Я не про такое счастье начал...
Проживает с недавних лет на центральной усадьбе нашего совхоза некто Ефрем Матвеич Тилигузов. В запенсионных годах уж... Одинокий. Путёвки никакой не предъявил, подъёмных не требовал. «Печник я», — и всё тут. Ну, печник на целине — должность громкая... Дали ему сразу же квартирку — живёт. Кладёт в новых домах печи да плиты, без останову при этом громадную, с крышкой, трубку сосёт да бессловесные какие-то песенки себе под нос мурлычет.
В конце первого месяца вызывает его прораб в контору.
— Сколько, — спрашивает, — сработали, Ефрем Матвеич?
Другой блокнотик бы там развернул или — невелика цифра — по памяти ответил, а этот вдоль окон по конторе ходить принялся. Ходит, свежие трубы на домах определяет и нараспев ведёт:
— Дымок... другой... третий...
В двери даже выглянул, чтоб досчитать.
Отпроцедурил так-то и докладывает:
— Шесть дымков пишите... Шесть дымков над вашим Сибирем засмолил.

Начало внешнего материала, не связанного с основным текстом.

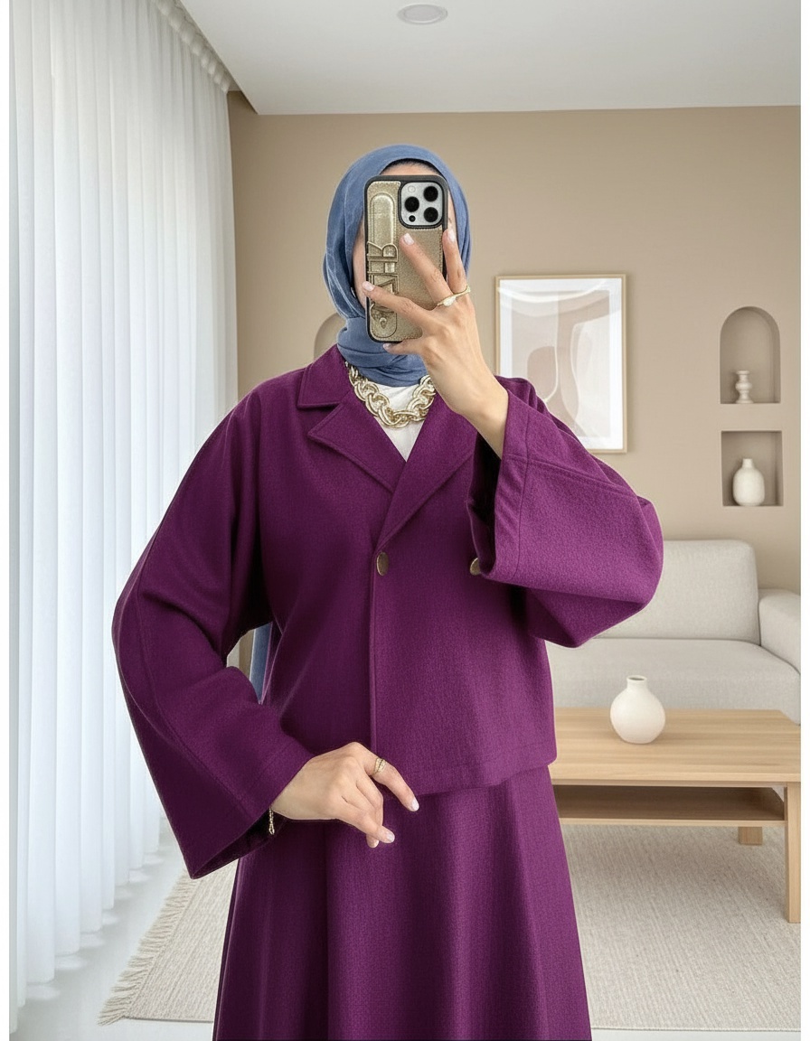 Tek Düğmeli Etekli Keçe Takım -Mürdüm-Mürdüm

Сказал так и трубку набивать принялся.
Строителям, которые тут случились, и потешно немного, что он дымами перед прорабом отчитывается, и опять же уловили: со своей гордостью старичок, с загадкой. Поначалу на кисет все уставились. Не поступит ли, мол, оттуда какого разъяснения... Потом самого разглядывать принялись. Каждую морщинку на лице испытывают. А они умные высеклись, морщинки-то, приметные... Смешливая. Гневливая. Для задумчивого часа... Каждую определишь. По нужде пролегли, а не как у другого: от сна — всмятку, от верхоглядства — вразбежку. Стоит сивенький, присугорбленный, шофёрской комбинезончик на нём, бородка — на клинышек, усы — без затей, трубку свою расчмокивает. Табачинки стреляются. Добился настоящей затяжки, помохнатей да покудрявей папаху дыму выпустил, голицами тут же его разогнал — и на выход. И вот так в конце каждого месяца.
— Шесть дымков пишите... Шесть дымков над вашим Сибирем засмолил.

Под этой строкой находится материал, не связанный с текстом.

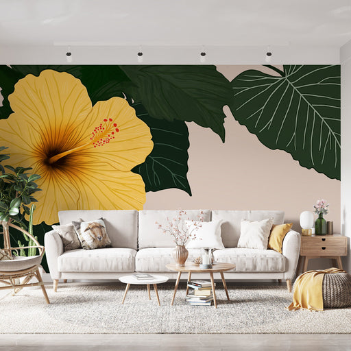 WonderMuralDette fototapet fremhæver en storslået gul hibiscusblomst, tegnet med delikate detaljer, der står i kontrast til mørkegrønne blade og skaber en tro...

И сочинилось ему на эту его особинку милое такое прозвище — Дымок. Дымком стали звать. Хоть и позаглаза, а с почтеньем... Так он благополучно да нетревожно и до последней переписи населения дожил. Переписчиком по ихней улице Антошка Мандрыка угадал. Завклубом наш. Он, этот Антошка, до нашего совхоза и до своего завклубства в зенитных войсках служил. Видом боевой, грудь кочетком, ёрш на голове, румяный, белозубый, голос старшинский... Пальцы по баяну пустит — ровно чёртики вприсядку заскачут. Колеско-парень... Солдатского присловья этого принёс — короб! Ко всякому случаю присказулька. Задумает в песенники какого призывника завлечь, тот отказывается: «Голосу нет». А он: «Сорока не присягала, да поёт, волк не служил, да воет — какой же ты солдат будешь?!» Про себя особо любил подчеркнуть, что он, Антошка, на три метра в землю видит. Девчата его за это «геологом» прозвали. А впоследствии по совокупности — Ветру брат. Напроказил он им, видимо...
Ну и вот, ходит, стало быть, эта военная косточка из дома в дом, перепись ведёт. Вопросы задаёт круто, ответа требует, чтобы «чётко, ясно и коротко», а ведь народ-то не все под его началом «действительную» служили.
— Верующий? — у Дымка спрашивает.
Тому бы уж без задержки отвечать: грешен, мол, или — «Никак нет!», а он закашлялся, слёзы завытирал. «Геолог» кинул взгляд в передний угол — небольшой божок на полочке стоит. «Ясно», — думает. А что в божка шило было воткнуто и три пачки махорки рядом лежали — внимания не обратил.
Месяца через три приготовилась у него в клубе лекция с концертом. Сам же Антошка и лектор. Для неверующих объявление выкинул, верующим персональные приглашения разослал. В том числе и Дымку. Всё как у добрых людей... Ну, собрались!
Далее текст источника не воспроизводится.